The Template Compilation and Override Cache settings may be disabled during development as described in the documentation of the site.ini. These settings should never be disabled in a production environment, because that would considerably slow down your website. For example, the Template compilation cache drastically reduces server load, because it generates pure PHP scripts from the eZ Publish template, so there is no need to parse the templates during production runtime.

The upcoming version 3.8 of eZ Publish introduces template development mode, which negates the need to disable these settings.

Content

ViewCaching is the fundamental mechanism for content caching, and should always be enabled. However, ViewCaching can be disabled for individual pages if required. When enabled, eZ Publish will automatically create multiple cached versions based on roles and the view parameters.

Cache blocks are used to cache dynamic parts of pagelayout.tpl and dependent templates (that is, templates that are not handled by ViewCaching). They store the HTML result of dynamically generated template code in a text file. This file can be loaded the next time the same code is requested. As an example, cache blocks are often used to store navigation menus. Note that too many cache blocks can have a negative effect on performance. More information on the proper use of cache blocks can be found in the eZ Publish documentation.

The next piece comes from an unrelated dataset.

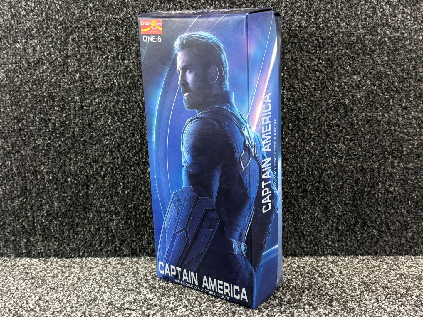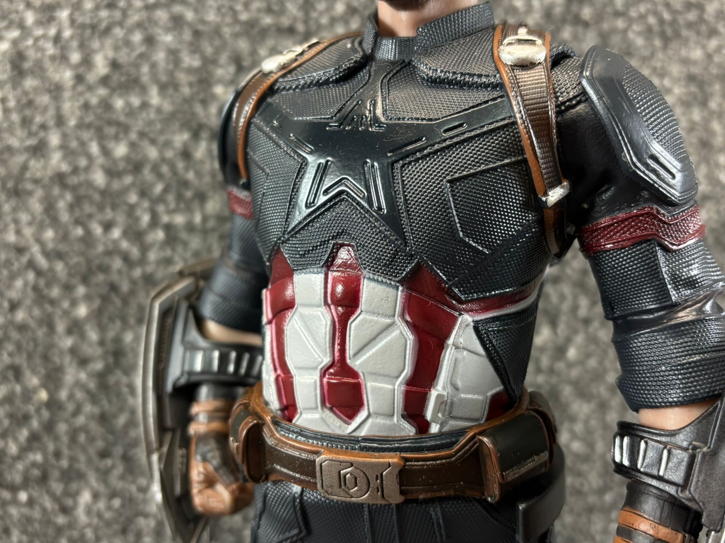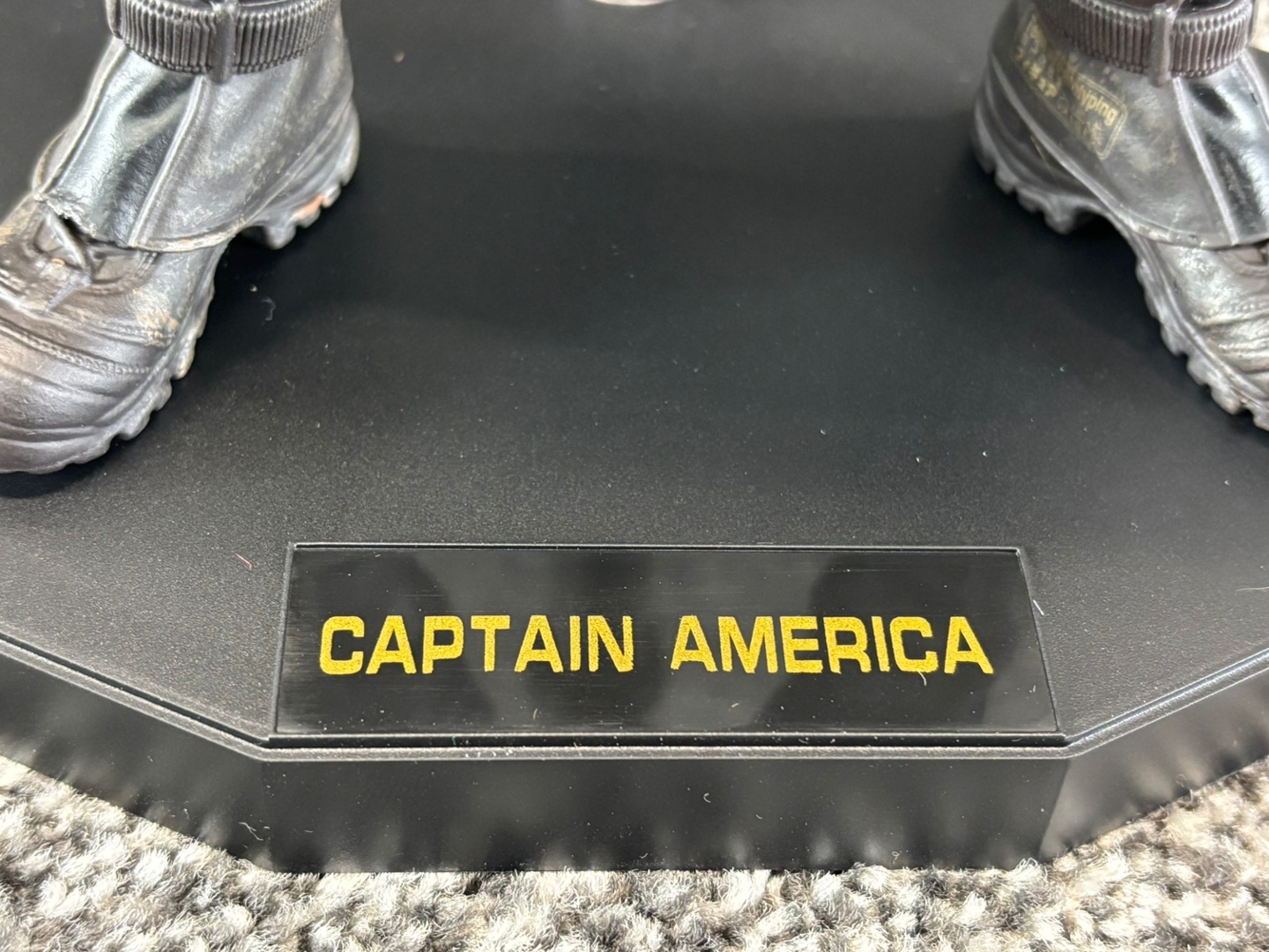 A 1/6th scale sculpture of Captain America. Approximately 30cm height, 16cm width, 12cm depth.
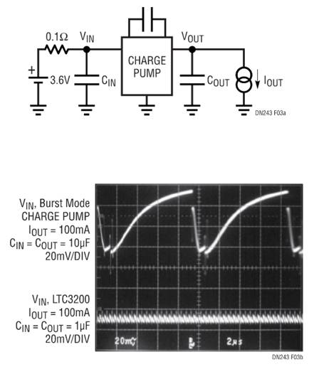 大多數(shù)可調(diào)節(jié)的充電泵DC/DC轉換器采用Burst Mode突發(fā)方式架構。雖然這種調(diào)節(jié)器結構具有最低的靜態(tài)電流,但所產(chǎn)生的輸入和輸出噪聲也最大。采用突發(fā)方式的器件,充電泵開關向輸出提供最大電流,或完全被關斷。為了對輸出進行調(diào)節(jié),遲滯比較器和基準控制了充電泵的導通和關斷。當輸出端有低頻紋波產(chǎn)生時,需要加以調(diào)節(jié)(如圖1所示)。這種一開一關的突發(fā)將導致較大的輸入紋波電流,因此,必須由輸入電源供電。輸入電源中的任何阻抗都會在輸入端產(chǎn)生電壓噪聲,這種噪聲必須由采用相同電源供電的其它電路排除掉。

Finally, static caching is the most powerful cache mechanism for many projects. It stores and reads static HTML files, so that PHP is not called when a page is loaded. Performance can be boosted tremendously by using static caching, but you have to determine during the early stages of the project where it should be implemented, what parts of the project cannot use it and how cache expiration should be handled.

Caching strategy

The cache strategy that will be used is directly dependent on the project specifications. For example, features that display personalized information cannot use StaticCache. Content that performs real-time rendering cannot use cache blocks. Therefore, the eZ Publish implementer needs site specifications in order to identify the best cache solution. These specifications don't need to be overly documented or obscure, or rely on a complex development process; they merely need to be factual and efficient. For example, a simple website will have a very short specification.

eZ Publish 3.8 will have new features that allow header alteration and make use of an external caching system like Squid. More information on these features will be published in the near future.